Wednesday, June 24, 2009
AFP - Wednesday, June 24KABUL (AFP) - - Three German soldiers were killed in Afghanistan Tuesday when their armoured vehicle was in an accident as they left a firefight with insurgents, NATO and Afghan officials said.
The soldiers had come under attack near the northern town of Kunduz while they were on an operation with Afghan police and intelligence agents, the provincial governor said.
They had been ambushed by Taliban but the exchange of fire caused no casualties, said the governor, Mohammad Omar.
On leaving the area, a German armoured vehicle had become stuck in a stream and could not be extracted, he said, without making it clear how the soldiers had died.
The NATO-led International Security Assistance Force (ISAF), under which about 3,700 German troops serve, also said the troops had died in an accident.
"They were involved in an incident with insurgents but the cause of death was after that," ISAF spokesman Lieutenant Commander Chris Hall told AFP.
"They had left the scene and their vehicle was involved in a rollover and they died."
An ISAF statement said separately they were killed in a "vehicle accident".
German Defence Minister Franz Josef Jung said in a statement released in Berlin that the soldiers were conducting a joint operation with Afghan forces when they came under attack at about midday from handguns and anti-tank fire.
The men fired back and requested air support and reinforcements, the defence ministry said, adding that the operation was ongoing.
A spokesman for the radical insurgent Taliban told AFP the militia was responsible for deaths and claimed that several German soldiers were killed and two vehicles were destroyed.
The group often exaggerates the outcome of incidents.
The German contribution to ISAF is the third largest after the United States and Britain.
Most of the troops are based in Mazar-i-Sharif and Kunduz, perhaps the most volatile part of northern Afghanistan which has seen a series of Taliban attacks in recent weeks.
Since 2002, 35 German troops have died in Afghanistan and the mission is highly unpopular in Germany. It is set to be an issue in the campaign for general elections on September 27.

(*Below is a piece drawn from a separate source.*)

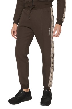 GUESS Brązowe męskie spodnie dresowe z lampasami Mickey

The deterioration in security in the north has prompted Chancellor Angela Merkel's government in 2008 to boost the number of German troops to up to 4,400 ahead of Afghanistan's presidential elections in August.
Before Tuesday's accident, about 149 international soldiers had lost their lives in Afghanistan this year, according to the icasualties.org site that monitors the conflict in Afghanistan and Iraq.
Most of the troops killed in attacks die in insurgent bombings, military officials say.
The insurgents have stepped up their use of bombs in recent weeks with deadly roadside blasts and suicide attacks reported nearly every day.